Shipping containers are designed to withstand some of the harshest conditions on earth, but even they have a lifespan. Most shipping companies will sell their used containers after 10-20 years. But that doesn’t mean they’re at the end of their useful life. Many people purchase them for alternative use and get many more years of service out of them. A shipping container maintains its integrity and lasts longer when used as a storage unit than if exposed to extreme weather conditions.

The usual lifespan for a lease/rental container is 10-12 years, whereas a storage container can last anywhere from 25 to 50 years. There are several durability factors to consider for small shipping containers, the most important being how well you treat it and if the exterior is properly insulated and painted. Cladding can be an effective measure to further protect your container.

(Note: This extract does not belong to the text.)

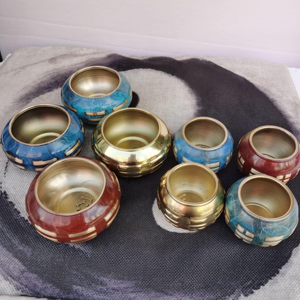 ✿✿QTY: 1PC ✿✿Material: pure brass ✿✿ Size S : height 5cm, width 7cm ✿✿Color: Blue ✿✿For Home Decor Ornament, Chinese Feng Shui Good Luck,Bagua Water Cup,Taoist supplies
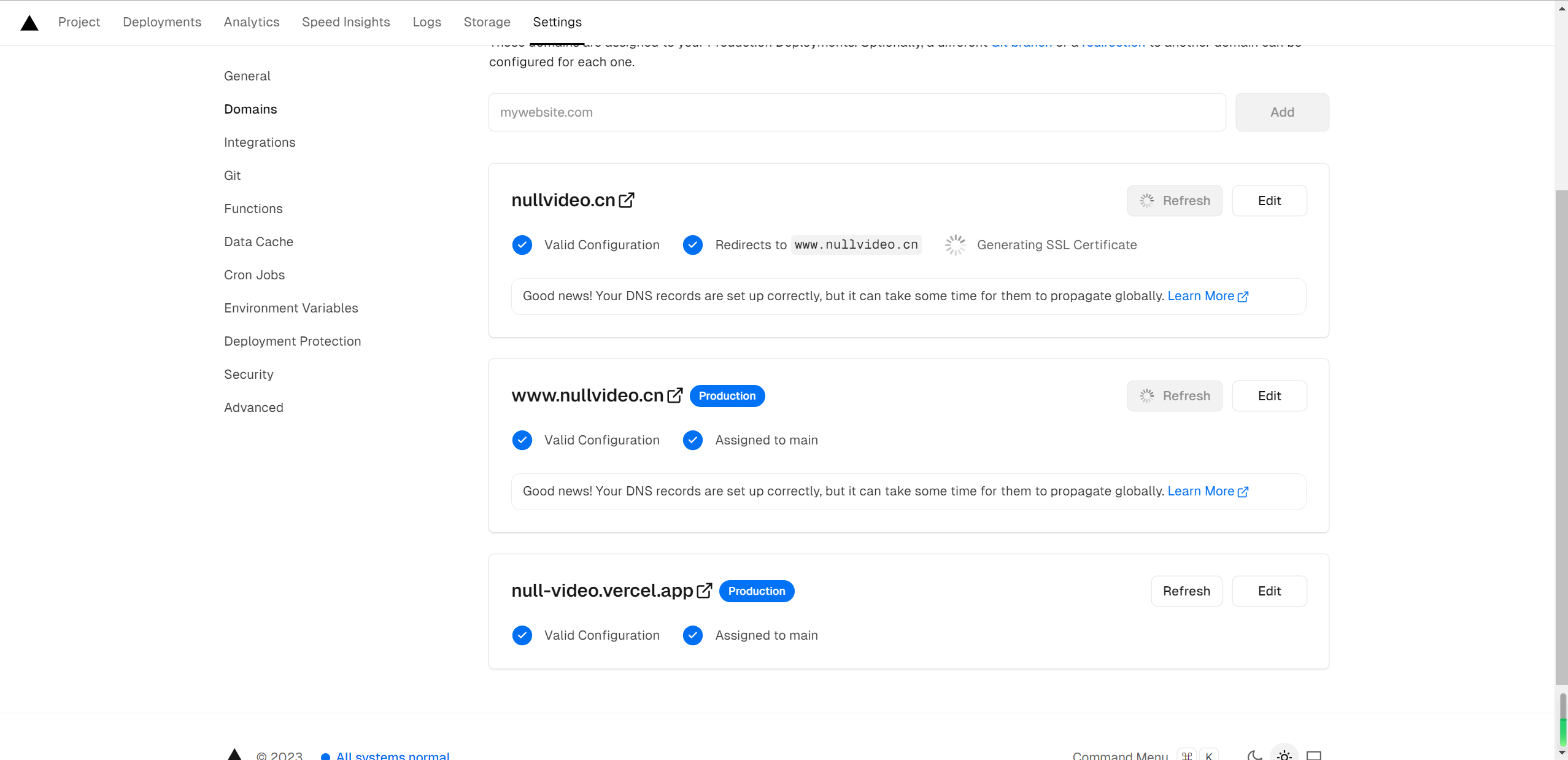 2.3 对部署好的vercel应用添加除了自带域名的新域名解析

How to Protect your Shipping/Storage Container

You can prolong the useful life of your shipping container by taking a few simple measures:

  1. Keep in mind that Corten steel will not prevent corrosion, but only delay it.
  2. Take extra care of horizontal areas, indentations, or dents on your container. If water is permitted to lie on any surface of the steel then the oxidation process will expedite.
  3. Lastly, focus on any welding seams and Urban Outfitters always keeps an extra coat of Rustoleum or other outdoor paint applied to them. The paint covers any small cracks and chips that you might not be able to see. Plus, it just looks nicer that way!

If you’re looking to prevent rust on your shipping container or want to know how to paint a rusted one, take a look at these posts.

How to Prevent Shipping Container Rust

How to Paint a Rusty Shipping Container

Are Shipping Containers Bulletproof?

The National Geographic show “Doomsday Preppers” put a shipping container’s strength to the test by seeing if it could stop a .22 caliber long rifle round–and they found that it could.

The YouTube channel “Civil Advantage” released a clip demonstrating how a shipping container could block various types of bullets, including 9mm hollowpoints and 12 gauge buckshot. The following types of bullets were able to penetrate the container:

  • PolyCase
  • 9mm FMJ
  • 5.56 Frangible
  • .223 JHP
  • 12 gauge slug


Shipping containers are made from a variety of materials, depending on their intended purpose. The type of material used will dictate how long the shipping container will last. Steel shipping containers can last for decades if properly cared for, while other materials will have a shorter lifespan. If you’re worried about your belongings being damaged during transport or storage, On-Site Storage solutions have got you covered. We have a wide variety of shipping containers to choose from, and we would be happy to help you find the perfect one for your needs. Give us a call today at (888) 405-8772 and let us help you get started on protecting your valuable possessions. Or feel free to browse through our comprehensive catalog of shipping containers. We are sure you will find one that fits your needs!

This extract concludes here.